**GOAL OF THE EXERCISE**
In the entries below, begin at the line with "This enchanting tiger" and stop after the line with "It became traditional"; output those lines exactly and omit the pictures.

**INPUT RECORDS**

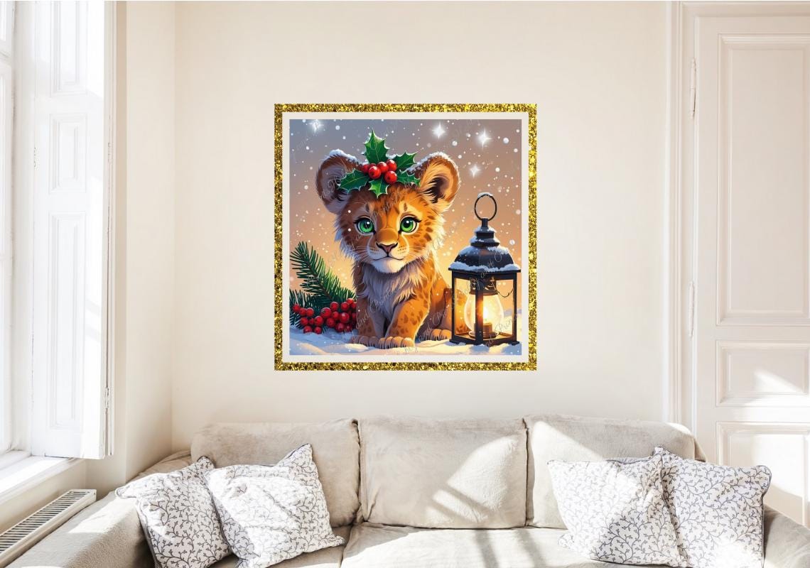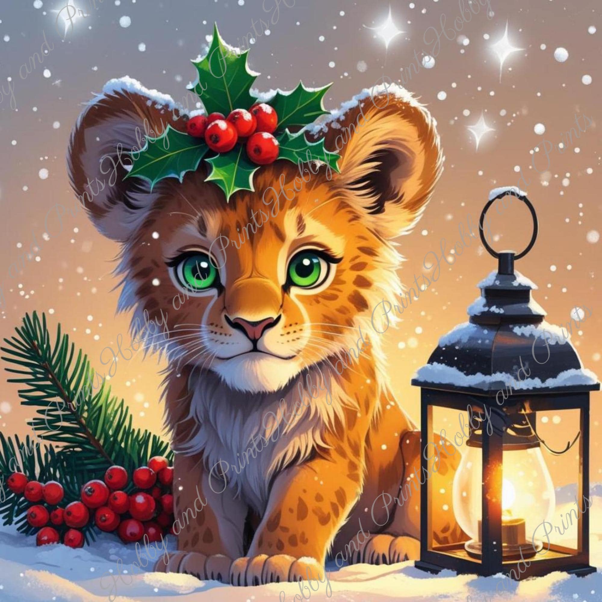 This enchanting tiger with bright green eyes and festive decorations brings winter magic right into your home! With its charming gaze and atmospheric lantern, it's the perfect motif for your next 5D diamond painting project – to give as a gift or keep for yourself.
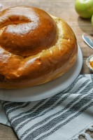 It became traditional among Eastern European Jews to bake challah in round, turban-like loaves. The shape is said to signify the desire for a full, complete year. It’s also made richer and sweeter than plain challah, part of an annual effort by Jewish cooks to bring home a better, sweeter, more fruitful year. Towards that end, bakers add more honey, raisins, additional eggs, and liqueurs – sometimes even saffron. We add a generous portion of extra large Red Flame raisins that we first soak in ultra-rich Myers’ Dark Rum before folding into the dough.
==
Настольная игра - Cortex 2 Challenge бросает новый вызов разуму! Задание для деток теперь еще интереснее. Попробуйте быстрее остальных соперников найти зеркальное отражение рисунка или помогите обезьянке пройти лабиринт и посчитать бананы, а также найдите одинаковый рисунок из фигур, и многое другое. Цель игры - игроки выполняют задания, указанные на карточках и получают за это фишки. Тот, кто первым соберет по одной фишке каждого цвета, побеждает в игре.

**RESPONSE FOR THIS EXERCISE**
 This enchanting tiger with bright green eyes and festive decorations brings winter magic right into your home! With its charming gaze and atmospheric lantern, it's the perfect motif for your next 5D diamond painting project – to give as a gift or keep for yourself.
 It became traditional among Eastern European Jews to bake challah in round, turban-like loaves. The shape is said to signify the desire for a full, complete year. It’s also made richer and sweeter than plain challah, part of an annual effort by Jewish cooks to bring home a better, sweeter, more fruitful year. Towards that end, bakers add more honey, raisins, additional eggs, and liqueurs – sometimes even saffron. We add a generous portion of extra large Red Flame raisins that we first soak in ultra-rich Myers’ Dark Rum before folding into the dough.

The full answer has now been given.